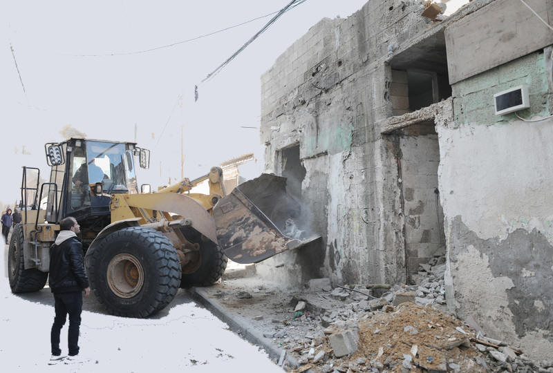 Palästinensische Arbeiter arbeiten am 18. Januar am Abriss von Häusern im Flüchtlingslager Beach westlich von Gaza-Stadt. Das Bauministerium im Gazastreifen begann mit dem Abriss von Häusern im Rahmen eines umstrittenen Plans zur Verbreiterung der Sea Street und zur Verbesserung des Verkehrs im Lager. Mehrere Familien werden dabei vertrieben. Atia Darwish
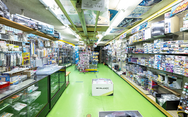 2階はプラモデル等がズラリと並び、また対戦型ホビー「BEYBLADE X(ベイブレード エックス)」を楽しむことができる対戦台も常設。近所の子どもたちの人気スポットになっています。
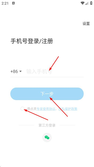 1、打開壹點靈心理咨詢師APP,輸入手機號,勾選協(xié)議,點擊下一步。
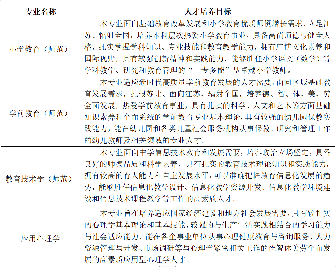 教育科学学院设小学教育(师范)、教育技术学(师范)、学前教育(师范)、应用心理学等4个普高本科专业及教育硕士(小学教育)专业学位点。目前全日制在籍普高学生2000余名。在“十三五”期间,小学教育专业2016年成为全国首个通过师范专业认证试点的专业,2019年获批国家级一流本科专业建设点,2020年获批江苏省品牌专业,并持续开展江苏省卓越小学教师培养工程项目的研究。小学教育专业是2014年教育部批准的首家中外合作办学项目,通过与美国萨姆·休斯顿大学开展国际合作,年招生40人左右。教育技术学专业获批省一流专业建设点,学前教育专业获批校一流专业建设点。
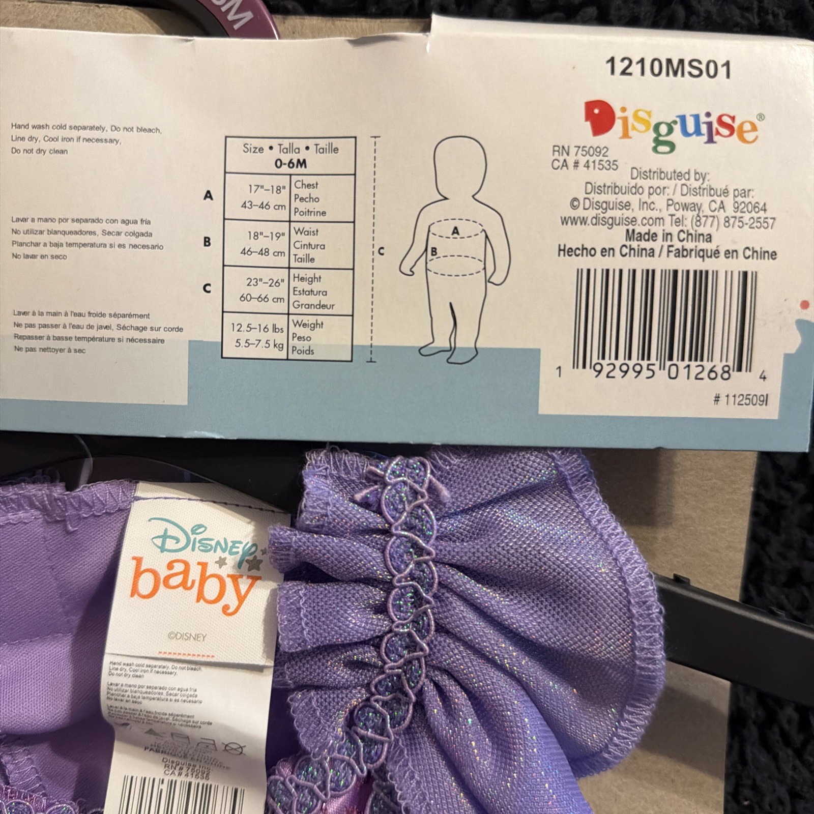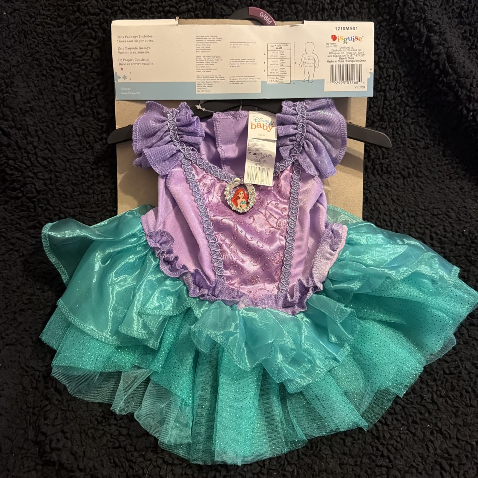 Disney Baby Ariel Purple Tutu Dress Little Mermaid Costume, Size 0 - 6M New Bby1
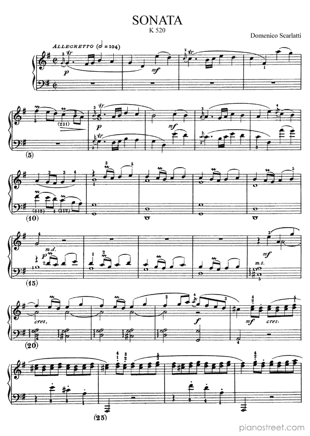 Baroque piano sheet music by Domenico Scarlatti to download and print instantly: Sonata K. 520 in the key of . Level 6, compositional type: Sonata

Work task -> When you retype the records, keep every word exactly as written and exclude the pictures.

The answer ->
 Palästinensische Arbeiter arbeiten am 18. Januar am Abriss von Häusern im Flüchtlingslager Beach westlich von Gaza-Stadt. Das Bauministerium im Gazastreifen begann mit dem Abriss von Häusern im Rahmen eines umstrittenen Plans zur Verbreiterung der Sea Street und zur Verbesserung des Verkehrs im Lager. Mehrere Familien werden dabei vertrieben. Atia Darwish
 2階はプラモデル等がズラリと並び、また対戦型ホビー「BEYBLADE X(ベイブレード エックス)」を楽しむことができる対戦台も常設。近所の子どもたちの人気スポットになっています。
 1、打開壹點靈心理咨詢師APP,輸入手機號,勾選協(xié)議,點擊下一步。
 教育科学学院设小学教育(师范)、教育技术学(师范)、学前教育(师范)、应用心理学等4个普高本科专业及教育硕士(小学教育)专业学位点。目前全日制在籍普高学生2000余名。在“十三五”期间,小学教育专业2016年成为全国首个通过师范专业认证试点的专业,2019年获批国家级一流本科专业建设点,2020年获批江苏省品牌专业,并持续开展江苏省卓越小学教师培养工程项目的研究。小学教育专业是2014年教育部批准的首家中外合作办学项目,通过与美国萨姆·休斯顿大学开展国际合作,年招生40人左右。教育技术学专业获批省一流专业建设点,学前教育专业获批校一流专业建设点。
 Disney Baby Ariel Purple Tutu Dress Little Mermaid Costume, Size 0 - 6M New Bby1
 Baroque piano sheet music by Domenico Scarlatti to download and print instantly: Sonata K. 520 in the key of . Level 6, compositional type: Sonata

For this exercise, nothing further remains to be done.